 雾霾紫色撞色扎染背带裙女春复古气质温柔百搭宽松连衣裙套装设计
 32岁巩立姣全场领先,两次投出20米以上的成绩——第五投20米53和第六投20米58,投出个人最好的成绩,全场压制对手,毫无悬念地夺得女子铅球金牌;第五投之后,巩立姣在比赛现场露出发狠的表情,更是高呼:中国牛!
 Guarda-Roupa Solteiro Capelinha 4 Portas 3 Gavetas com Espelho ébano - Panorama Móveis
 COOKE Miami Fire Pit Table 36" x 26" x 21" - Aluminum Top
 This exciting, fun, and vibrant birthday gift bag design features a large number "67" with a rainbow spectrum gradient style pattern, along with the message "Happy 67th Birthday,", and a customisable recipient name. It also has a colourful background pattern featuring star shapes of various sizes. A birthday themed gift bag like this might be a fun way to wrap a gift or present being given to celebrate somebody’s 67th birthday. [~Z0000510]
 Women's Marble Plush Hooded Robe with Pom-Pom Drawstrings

--

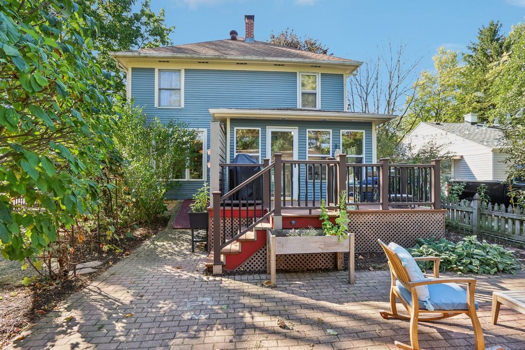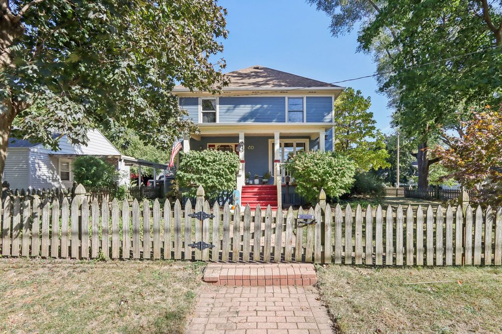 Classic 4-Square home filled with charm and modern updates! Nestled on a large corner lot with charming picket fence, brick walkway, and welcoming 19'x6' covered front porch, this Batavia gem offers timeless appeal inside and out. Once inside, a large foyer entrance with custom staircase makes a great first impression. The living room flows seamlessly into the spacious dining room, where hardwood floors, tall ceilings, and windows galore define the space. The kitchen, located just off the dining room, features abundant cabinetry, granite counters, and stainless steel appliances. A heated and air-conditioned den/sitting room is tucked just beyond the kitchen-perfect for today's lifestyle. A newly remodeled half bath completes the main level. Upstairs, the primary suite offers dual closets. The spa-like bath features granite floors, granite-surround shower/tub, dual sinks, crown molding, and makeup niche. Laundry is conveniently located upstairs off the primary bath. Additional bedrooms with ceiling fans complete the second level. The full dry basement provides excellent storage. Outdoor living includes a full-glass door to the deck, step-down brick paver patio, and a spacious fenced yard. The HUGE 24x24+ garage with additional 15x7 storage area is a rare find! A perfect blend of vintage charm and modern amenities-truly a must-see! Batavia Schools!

> Activity:
Could you set down, exactly as written, the lines above between the one holding "This exciting, fun, and" and the one holding "Women's Marble Plush", inclusive, and nothing more?

> Output:
 This exciting, fun, and vibrant birthday gift bag design features a large number "67" with a rainbow spectrum gradient style pattern, along with the message "Happy 67th Birthday,", and a customisable recipient name. It also has a colourful background pattern featuring star shapes of various sizes. A birthday themed gift bag like this might be a fun way to wrap a gift or present being given to celebrate somebody’s 67th birthday. [~Z0000510]
 Women's Marble Plush Hooded Robe with Pom-Pom Drawstrings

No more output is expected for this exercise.